Recorded data
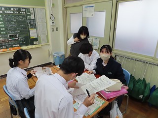 写真のように、授業における半分以上の時間は、グループワークによる「後置修飾」をポイントに置いたアクティビティのある活動です。子どもです。たちは、前時までに学んだ、現在分詞・過去分詞の後置修飾及び間接疑問文の構造を理解しながら、アクティビティな活動を楽しみながらの学びをすすめていました。
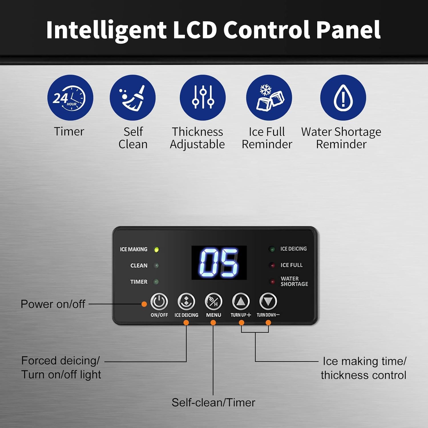 - ❄【Smart LCD Panel】Our commercial ice maker machine is equipped with a multi-function LCD panel, smart and easy to operate. A variety of functions to meet your needs of the ice machine, such as Ice Full Reminder, Ice Cube Thickness Option, Timer, Water Shortage Reminder, Auto-clean, etc.
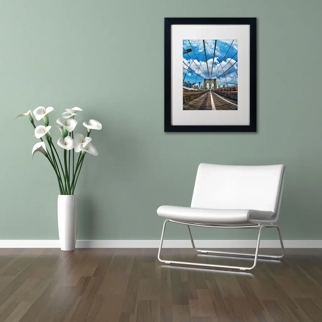 Cateyes 'Brooklyn Bridge' White Matte, Black Framed Wall Art - White Matte, Black Frame 16x20 (Print Is 11x14)
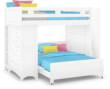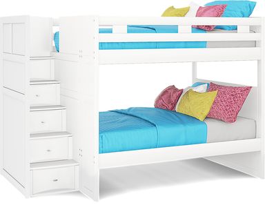 Smart, space saving design gives the Ivy League twin over twin step loft great appeal. You'll love the combined value of having a built-in chest with beveled drawers and brushed steel hardware, steps with storage drawers, a built-in bookcase adds to the storage. For safety, each step has skid resistant textured strips. Quality constructed with veneers in a white finish, this is a timeless choice. The twin bed at the bottom is on casters so it can be moved easily. Mattresses and foundations (if required) sold separately. Bunkie boards required.
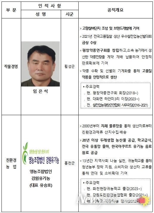 - 각 부문별 수상자는 △작물경영부문 임은석(평창) △친환경농업부문 ㈜강원유기농(대표 유승호, 홍천) △수출·유통부문 솜씨가(주)(영월) △축산발전부문 김진선(삼척) △미래농업육성부문 추경진(횡성) △농촌융복합산업부문 해담마을(대표 이병광, 양양)이다.

▸ Exercise details:
Each record must be repeated verbatim, and no picture may appear in the copy.

▸ Expected output:
 写真のように、授業における半分以上の時間は、グループワークによる「後置修飾」をポイントに置いたアクティビティのある活動です。子どもです。たちは、前時までに学んだ、現在分詞・過去分詞の後置修飾及び間接疑問文の構造を理解しながら、アクティビティな活動を楽しみながらの学びをすすめていました。
 - ❄【Smart LCD Panel】Our commercial ice maker machine is equipped with a multi-function LCD panel, smart and easy to operate. A variety of functions to meet your needs of the ice machine, such as Ice Full Reminder, Ice Cube Thickness Option, Timer, Water Shortage Reminder, Auto-clean, etc.
 Cateyes 'Brooklyn Bridge' White Matte, Black Framed Wall Art - White Matte, Black Frame 16x20 (Print Is 11x14)
 Smart, space saving design gives the Ivy League twin over twin step loft great appeal. You'll love the combined value of having a built-in chest with beveled drawers and brushed steel hardware, steps with storage drawers, a built-in bookcase adds to the storage. For safety, each step has skid resistant textured strips. Quality constructed with veneers in a white finish, this is a timeless choice. The twin bed at the bottom is on casters so it can be moved easily. Mattresses and foundations (if required) sold separately. Bunkie boards required.
 - 각 부문별 수상자는 △작물경영부문 임은석(평창) △친환경농업부문 ㈜강원유기농(대표 유승호, 홍천) △수출·유통부문 솜씨가(주)(영월) △축산발전부문 김진선(삼척) △미래농업육성부문 추경진(횡성) △농촌융복합산업부문 해담마을(대표 이병광, 양양)이다.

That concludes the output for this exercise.